The Assessment-Ready System for Colorado Homeschool Families

Every Colorado homeschool family hits the same wall: a testing grade is coming and you're not sure your records are ready. Your third grader's first standardized test is in the spring. Your fifth grader needs a qualified person evaluation and you've never prepared a portfolio for one. Your ninth grader wants Concurrent Enrollment at Front Range Community College and the advisor is asking for a parent-issued transcript you've never built.

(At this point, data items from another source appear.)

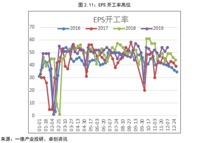 鉴于中国存在较大比例老旧装置,再加上欧美老旧装置,预估明年全球开工率下滑,弥补苯乙烯的过剩。中国苯乙烯三大下游2019年开工始终处于高位,继续提高开工率幅度很小,下游需求增速全靠新增下游装置,而新增装置存在较大的不确定性。因此总体看,明年苯乙烯供需矛盾或有加大。
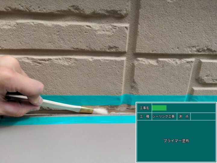 マスキングテープで養生した後、施工するシーリング材が剥離しないように丁寧にプライマーを塗りました。
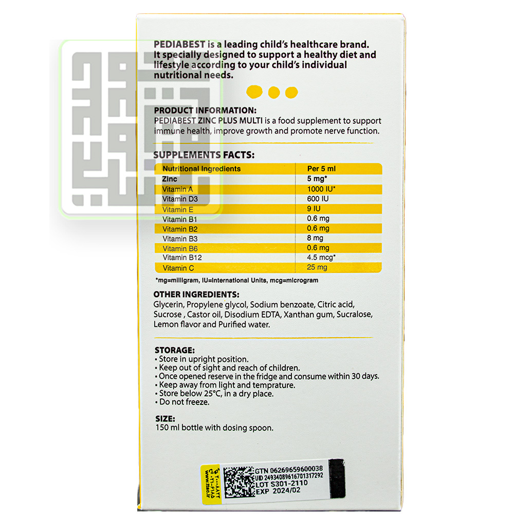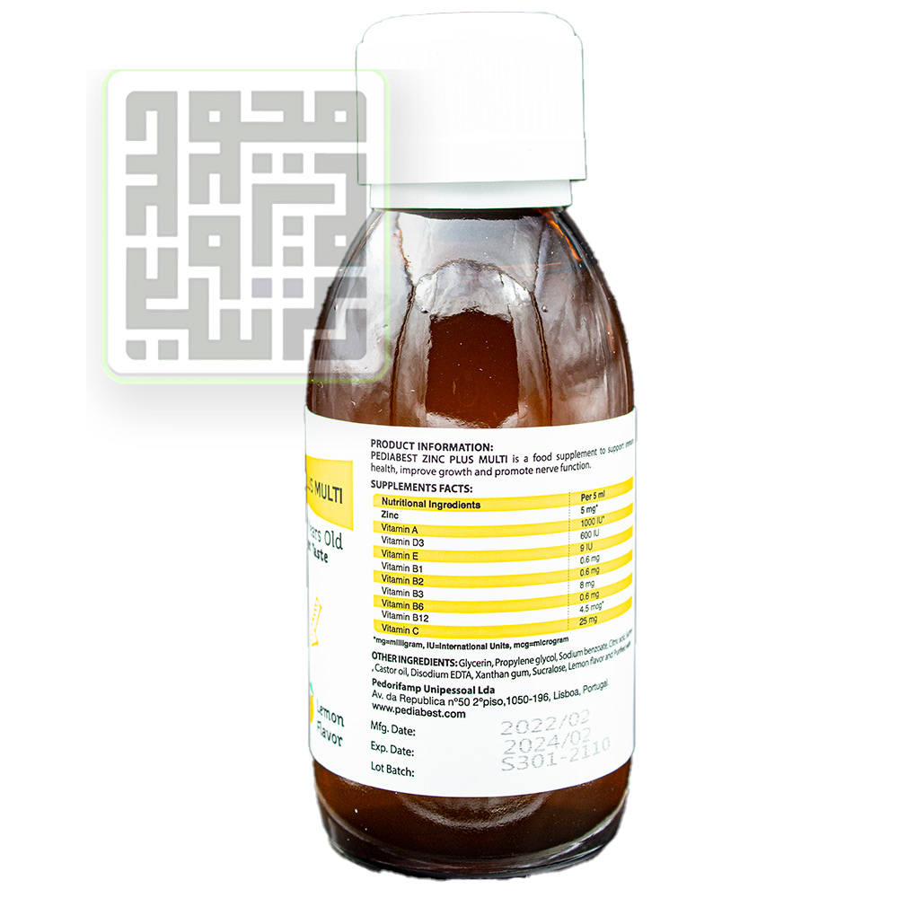 شربت زینک پلاس مولتی پدیا بست 150 میلی لیتر یک مکمل تغذیهای برای کودکان بالای 2 سال است که به تأمین ویتامینها و مواد مغذی موردنیاز بدن آنها کمک میکند. این شربت حاوی مقادیر بالایی از زینک، ویتامینهای A، D، E، C، گروه B و اسیدفولیک است. استفاده از این مکمل به افزایش اشتها، بهبود رشد و افزایش توان سیستم ایمنی کمک بسزایی کرده و ویتامین A و D موجود در آن موجب تکامل چشم و ذهن میشود. شربت زینک پلاس مولتی پدیا بست 150 میلی لیتر دارای طعمدهنده لیمو بوده و فاقد رنگ مصنوعی است.
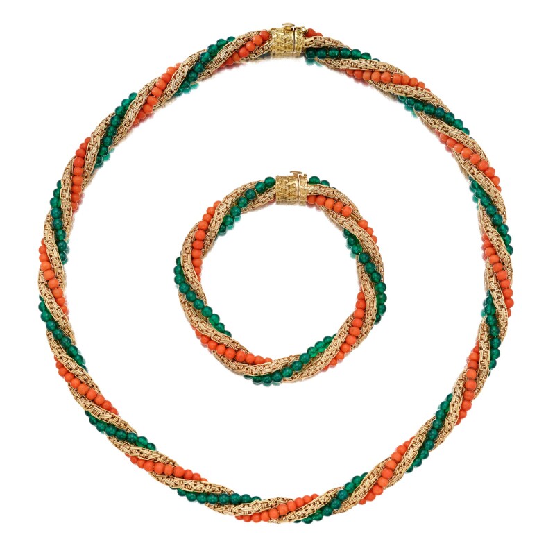 Bulgari Gold, Coral and Chalcedony Necklace and Bracelet |
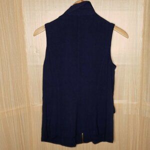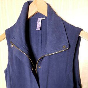 Alya women’s blue linen blend full zip long vest small. Good condition. Measurements are: 28” from shoulder to hem, and 18” from armpit to armpit.
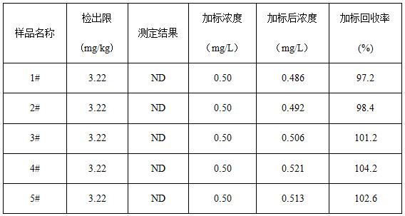取5種不同顏色的涂層試樣,各稱取0.2g(精確至0.0001g),采用氧彈燃燒后冷卻定容,經(jīng)0.22μm的水系濾膜過濾后上機得到樣品譜圖,如下圖3所示,5種涂層試樣的測定結(jié)果均低于方法檢出限,同時對5種試樣進行了加標處理,加標回收率在97.2%~104.2%之間。測試數(shù)據(jù)詳見表2。
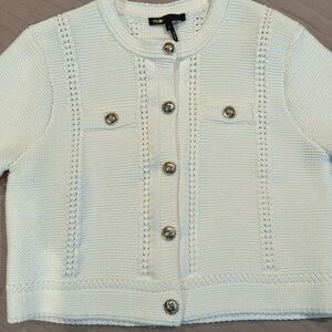 Elegant white cardigan with intricate knit design. Features a stylish button closure.
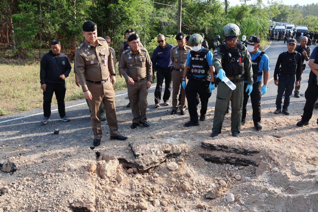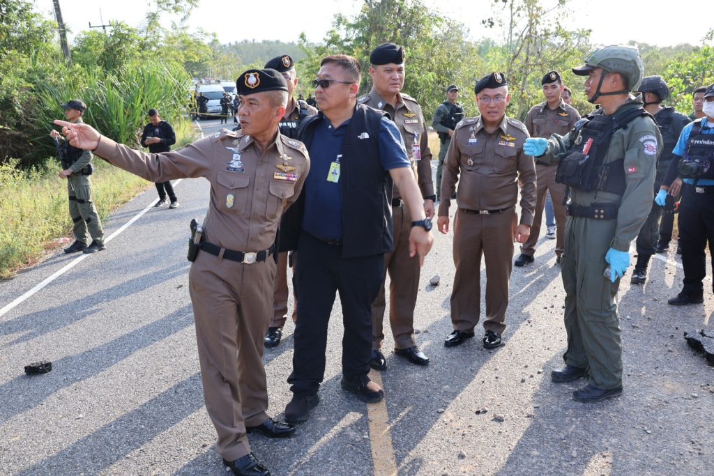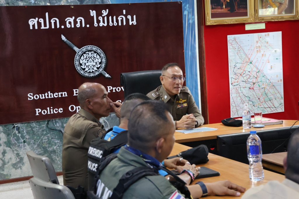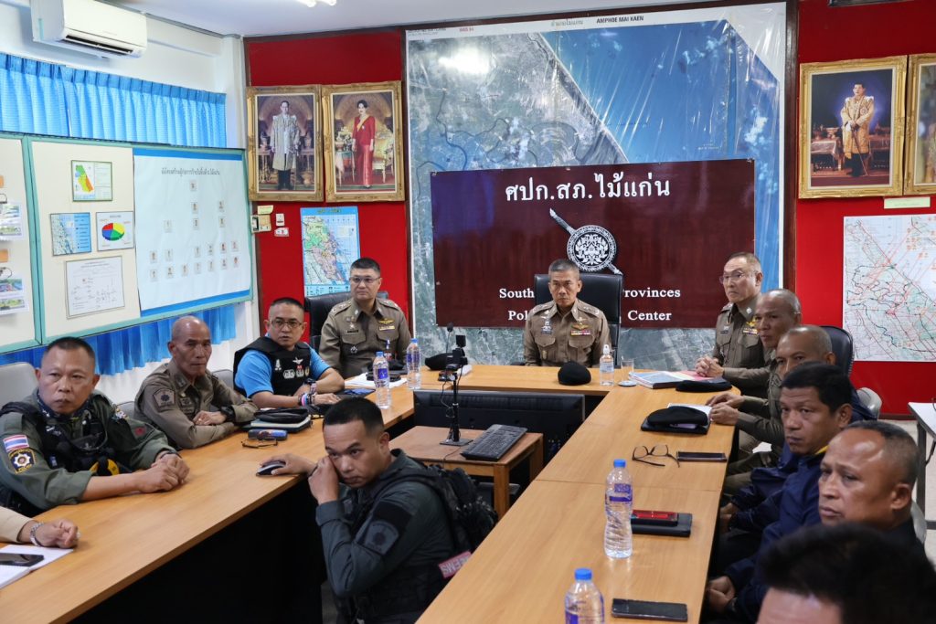 วันที่ 24 มี.ค.68 เวลาประมาณ 14.00 น. พล.ต.ต.กฤษฎา แก้วจันดี รอง ผบช.ภ.9, พล.ต.ต.วรา เวชชาภินันท์ รอง ผบช.ภ.9, พล.ต.ต.สันทัศน์ เชื้อพุฒตาล ผบก.ภ.จว.ปัตตานี, พ.ต.อ.สุรนาท วงศ์พรหมชัย นวท.(สบ5)ศพฐ.10, พ.ต.อ.นิวัฒน์ ฐิติพันธกุล นวท.(สบ 4) พฐ.จว.ปัตตานี, พ.ต.อ.อรรถวุฒิ เพชรแก้ว ผกก.สภ.ไม้แก่น พร้อมด้วยเจ้าหน้าที่ชุดพิสูจน์หลักฐาน, ชุดปฏิบัติการเก็บกู้วัตถุระเบิด (EOD), เจ้าหน้าที่ทหาร, ฝ่ายปกครอง และส่วนเกี่ยวข้อง ร่วมประชุมแนวทางการปฏิบัติก่อนเข้าพื้นที่เกิดเหตุและแนวทางการสืบสวนสอบสวน จากเหตุคนร้ายลอบวางระเบิดในพื้นที่ สภ.ไม้แก่น เหตุเกิดบนถนนหมายเลข 4136 (บริเวณทางโค้งก่อนถึง อบต.ดอนทราย) ม.2 ต.ดอนทราย อ.ไม้แก่น จว.ปัตตานี ณ สภ.ไม้แก่น จว.ปัตตานี

Colorado's homeschool law gives you real freedom — and zero structure for the paperwork. The CDE website lists what's required but provides no tools. CHEC tells you what subjects to teach but doesn't give you tracking forms. Umbrella schools handle the filing but charge annual fees for documentation you can own yourself. And generic Etsy planners don't account for Colorado's unique grade 3-5-7-9-11 testing schedule, the 172-day/688-hour requirement, or the constitutional studies mandate that no other state shares.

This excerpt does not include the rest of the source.